##### DATA SUPPLIED #####

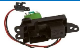
1711735 1999–2006 Cadillac Escalade Resistencia del motor del soplador sin consola central; montaje de 2 agujeros
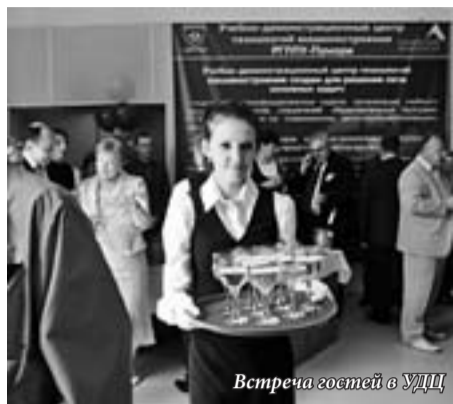
Встреча гостей в УДЦ

В начале лета в нашем вузе открылся учебно-демонстрационный центр, созданный совместно с корпорацией «ПУМОРИ-СИЗ». Кого и чему будут обучать на новейшем оборудовании Центра?
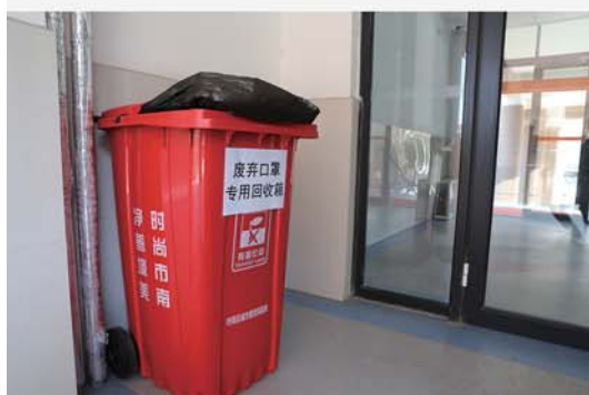
二中分校还准备了废弃口罩专用回收箱。
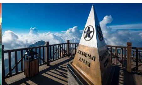
ยอดเขาฟานซิปัน
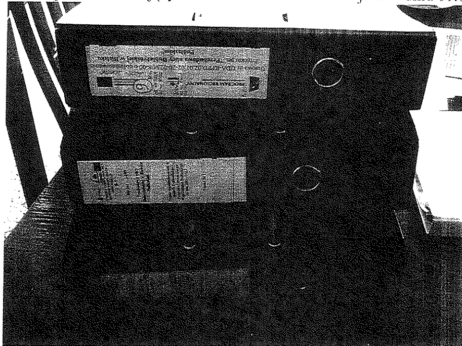
Zdjęcie nr 7. Segregatory z dokumentacją dotyczącą Projektu

Zdjęcie wykonane przez kontrolujących w trakcie kontroli na miejscu w dniu 11.04.2011 r.:
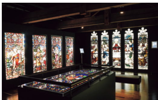
「種蒔く人」（左手前）と「最後の晩餐」（右奥）
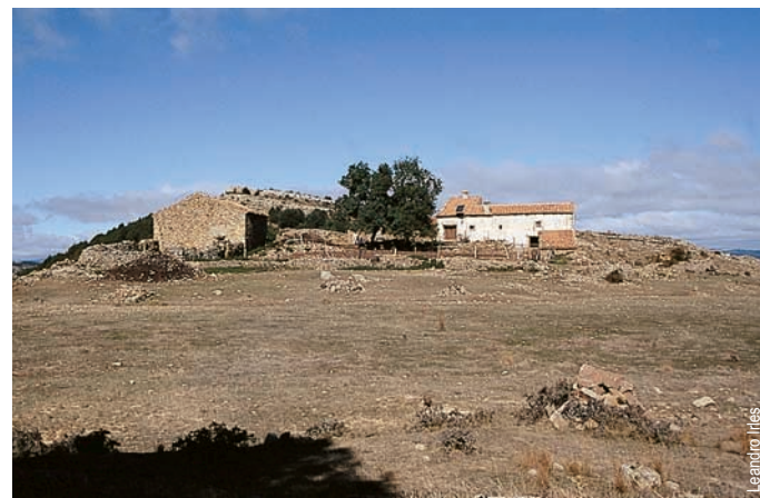
Mas de Cambreta
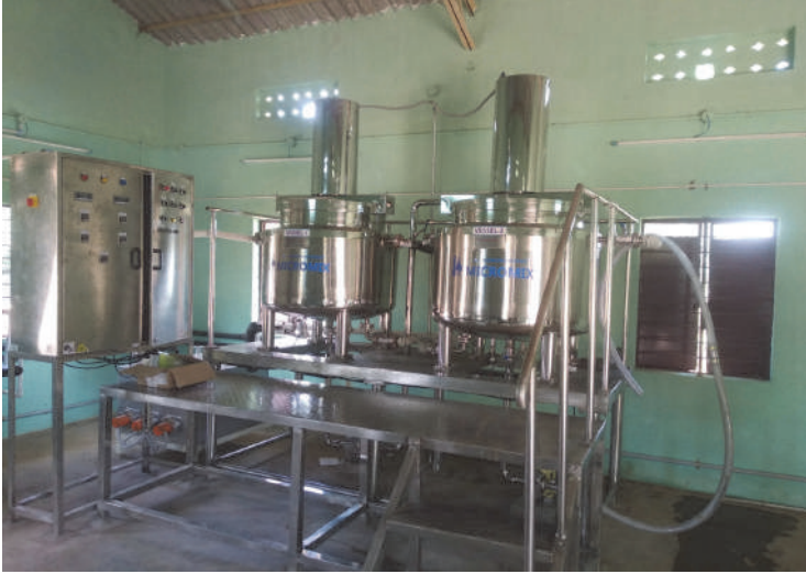
ஷாம்பு மற்றும் கைக்கழுவும் திரவம் தயாரிக்கும் அலகு கண்டனூர்,

#####

■ **EXERCISE REQUIREMENTS**
Transcribe all the lines above exactly, apart from the pictures.

■ **OUTPUT OF THE TASK**
1711735 1999–2006 Cadillac Escalade Resistencia del motor del soplador sin consola central; montaje de 2 agujeros
Встреча гостей в УДЦ

В начале лета в нашем вузе открылся учебно-демонстрационный центр, созданный совместно с корпорацией «ПУМОРИ-СИЗ». Кого и чему будут обучать на новейшем оборудовании Центра?
二中分校还准备了废弃口罩专用回收箱。
ยอดเขาฟานซิปัน
Zdjęcie nr 7. Segregatory z dokumentacją dotyczącą Projektu

Zdjęcie wykonane przez kontrolujących w trakcie kontroli na miejscu w dniu 11.04.2011 r.:
「種蒔く人」（左手前）と「最後の晩餐」（右奥）
Mas de Cambreta
ஷாம்பு மற்றும் கைக்கழுவும் திரவம் தயாரிக்கும் அலகு கண்டனூர்,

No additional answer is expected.